Work instructions ▸
Set down the complete data exactly as it appears below.

Information provided ▸
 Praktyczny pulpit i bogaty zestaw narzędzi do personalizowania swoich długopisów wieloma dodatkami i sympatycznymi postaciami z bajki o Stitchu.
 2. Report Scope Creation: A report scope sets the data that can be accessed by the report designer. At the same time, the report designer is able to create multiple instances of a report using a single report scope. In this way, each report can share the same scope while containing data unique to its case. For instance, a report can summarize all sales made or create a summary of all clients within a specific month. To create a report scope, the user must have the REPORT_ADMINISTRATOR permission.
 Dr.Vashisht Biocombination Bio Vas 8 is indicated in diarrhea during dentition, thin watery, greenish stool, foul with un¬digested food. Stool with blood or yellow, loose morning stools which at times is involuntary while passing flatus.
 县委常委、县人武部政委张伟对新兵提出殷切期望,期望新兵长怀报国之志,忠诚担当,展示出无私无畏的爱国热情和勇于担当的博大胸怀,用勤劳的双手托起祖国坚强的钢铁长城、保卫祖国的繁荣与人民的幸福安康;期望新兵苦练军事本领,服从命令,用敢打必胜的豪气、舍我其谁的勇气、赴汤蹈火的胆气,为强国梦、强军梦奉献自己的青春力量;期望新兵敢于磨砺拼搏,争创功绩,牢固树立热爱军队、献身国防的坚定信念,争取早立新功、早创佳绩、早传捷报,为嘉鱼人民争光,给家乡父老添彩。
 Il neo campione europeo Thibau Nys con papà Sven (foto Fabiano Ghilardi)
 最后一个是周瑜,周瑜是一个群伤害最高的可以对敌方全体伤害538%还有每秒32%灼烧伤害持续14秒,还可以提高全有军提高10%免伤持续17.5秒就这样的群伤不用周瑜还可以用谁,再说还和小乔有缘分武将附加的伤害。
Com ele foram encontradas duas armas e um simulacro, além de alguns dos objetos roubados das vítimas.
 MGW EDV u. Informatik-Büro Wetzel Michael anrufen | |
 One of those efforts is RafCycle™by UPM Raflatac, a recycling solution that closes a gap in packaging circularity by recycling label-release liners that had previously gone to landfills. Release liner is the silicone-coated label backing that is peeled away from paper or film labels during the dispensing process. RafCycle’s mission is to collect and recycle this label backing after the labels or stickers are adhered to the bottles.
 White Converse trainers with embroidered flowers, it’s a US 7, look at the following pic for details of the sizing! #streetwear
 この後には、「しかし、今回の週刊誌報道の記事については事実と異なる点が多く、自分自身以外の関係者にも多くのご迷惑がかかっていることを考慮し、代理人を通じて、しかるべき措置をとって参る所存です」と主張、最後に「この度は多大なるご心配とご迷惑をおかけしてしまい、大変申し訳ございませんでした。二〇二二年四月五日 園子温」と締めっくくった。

Exercise result ▸
 Praktyczny pulpit i bogaty zestaw narzędzi do personalizowania swoich długopisów wieloma dodatkami i sympatycznymi postaciami z bajki o Stitchu.
 2. Report Scope Creation: A report scope sets the data that can be accessed by the report designer. At the same time, the report designer is able to create multiple instances of a report using a single report scope. In this way, each report can share the same scope while containing data unique to its case. For instance, a report can summarize all sales made or create a summary of all clients within a specific month. To create a report scope, the user must have the REPORT_ADMINISTRATOR permission.
 Dr.Vashisht Biocombination Bio Vas 8 is indicated in diarrhea during dentition, thin watery, greenish stool, foul with un¬digested food. Stool with blood or yellow, loose morning stools which at times is involuntary while passing flatus.
 县委常委、县人武部政委张伟对新兵提出殷切期望,期望新兵长怀报国之志,忠诚担当,展示出无私无畏的爱国热情和勇于担当的博大胸怀,用勤劳的双手托起祖国坚强的钢铁长城、保卫祖国的繁荣与人民的幸福安康;期望新兵苦练军事本领,服从命令,用敢打必胜的豪气、舍我其谁的勇气、赴汤蹈火的胆气,为强国梦、强军梦奉献自己的青春力量;期望新兵敢于磨砺拼搏,争创功绩,牢固树立热爱军队、献身国防的坚定信念,争取早立新功、早创佳绩、早传捷报,为嘉鱼人民争光,给家乡父老添彩。
 Il neo campione europeo Thibau Nys con papà Sven (foto Fabiano Ghilardi)
 最后一个是周瑜,周瑜是一个群伤害最高的可以对敌方全体伤害538%还有每秒32%灼烧伤害持续14秒,还可以提高全有军提高10%免伤持续17.5秒就这样的群伤不用周瑜还可以用谁,再说还和小乔有缘分武将附加的伤害。
Com ele foram encontradas duas armas e um simulacro, além de alguns dos objetos roubados das vítimas.
 MGW EDV u. Informatik-Büro Wetzel Michael anrufen | |
 One of those efforts is RafCycle™by UPM Raflatac, a recycling solution that closes a gap in packaging circularity by recycling label-release liners that had previously gone to landfills. Release liner is the silicone-coated label backing that is peeled away from paper or film labels during the dispensing process. RafCycle’s mission is to collect and recycle this label backing after the labels or stickers are adhered to the bottles.
 White Converse trainers with embroidered flowers, it’s a US 7, look at the following pic for details of the sizing! #streetwear
 この後には、「しかし、今回の週刊誌報道の記事については事実と異なる点が多く、自分自身以外の関係者にも多くのご迷惑がかかっていることを考慮し、代理人を通じて、しかるべき措置をとって参る所存です」と主張、最後に「この度は多大なるご心配とご迷惑をおかけしてしまい、大変申し訳ございませんでした。二〇二二年四月五日 園子温」と締めっくくった。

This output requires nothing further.